§ What is being asked
Set down each line of the data below exactly as it stands, dropping the pictures.

§ Dataset excerpts

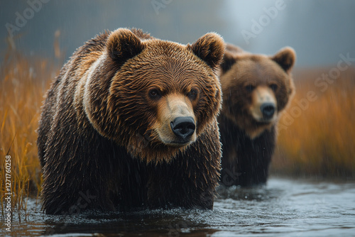 Fototapeta premium Brown Bear Duo, A Serene Encounter in the Misty Wilderness
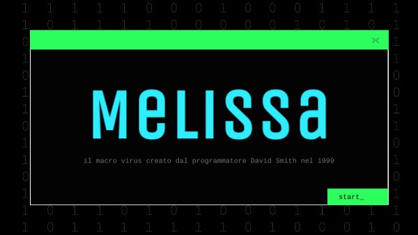 il virus melissa è stato uno delle cause di disagio maggiori nel 1999 quando internet era agli albori. Questo progetto è stato realizzato da Lambranzi Beatrice come compito di informatica con valutazone
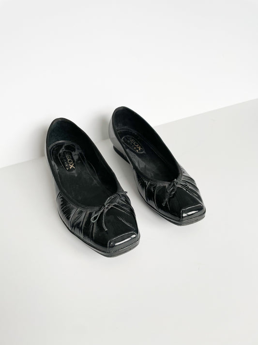 Geox Respiraâ„¢ Respira Black Patent Square Toe Flats Slip On Shoes - Size 8
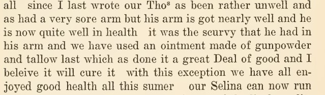 Medications, usually home-made, were minimally effective and science had not advanced to the point of proper diagnosis and efficient treatment. Examples from The Letters of Edwin Bottomley7 written in 1847 follows:
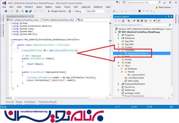 در این مقاله اطلاعاتی که می خواهیم نمایش بدهیم را در یک Partial View ریخته و سپس Partial View را در قالب یک Modal Popup ایجاد کرده و نمایش می دهیم. اطلاعاتی که می خواهیم نمایش بدهیم از پایگاه داده می آیند و با استفاده از یک web grid بر روی صفحه قرار می گیرند.
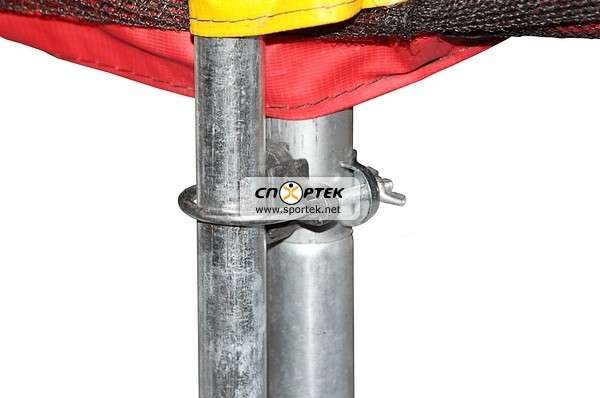 Каркас батута из оцинкованных труб (34 мм диаметром) очень прочный и выдерживает большие нагрузки. В качестве антикоррозийной защиты используется оцинкованное покрытие как внутри так и снаружи металла. Так же все места резки/перфорации/зачистки труб оцинковываются после завершения обработки.
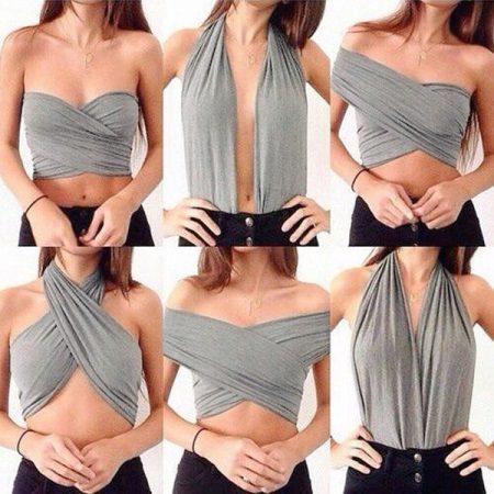All these models are distinguished by comfort, warmth and a desire to warm themselves in the autumn-winter period. But there are transfer scarves for the summer and even for the beach seasons. An ordinary scarf from dense knitwear is easy to turn into a top. No! In 6 different crop tops! The model will be relevant for those who travel light. There are options for city walks and seductive bows for beach parties.

§ Answer for the task
 Fototapeta premium Brown Bear Duo, A Serene Encounter in the Misty Wilderness
 il virus melissa è stato uno delle cause di disagio maggiori nel 1999 quando internet era agli albori. Questo progetto è stato realizzato da Lambranzi Beatrice come compito di informatica con valutazone
 Geox Respiraâ„¢ Respira Black Patent Square Toe Flats Slip On Shoes - Size 8
 Medications, usually home-made, were minimally effective and science had not advanced to the point of proper diagnosis and efficient treatment. Examples from The Letters of Edwin Bottomley7 written in 1847 follows:
 در این مقاله اطلاعاتی که می خواهیم نمایش بدهیم را در یک Partial View ریخته و سپس Partial View را در قالب یک Modal Popup ایجاد کرده و نمایش می دهیم. اطلاعاتی که می خواهیم نمایش بدهیم از پایگاه داده می آیند و با استفاده از یک web grid بر روی صفحه قرار می گیرند.
 Каркас батута из оцинкованных труб (34 мм диаметром) очень прочный и выдерживает большие нагрузки. В качестве антикоррозийной защиты используется оцинкованное покрытие как внутри так и снаружи металла. Так же все места резки/перфорации/зачистки труб оцинковываются после завершения обработки.
All these models are distinguished by comfort, warmth and a desire to warm themselves in the autumn-winter period. But there are transfer scarves for the summer and even for the beach seasons. An ordinary scarf from dense knitwear is easy to turn into a top. No! In 6 different crop tops! The model will be relevant for those who travel light. There are options for city walks and seductive bows for beach parties.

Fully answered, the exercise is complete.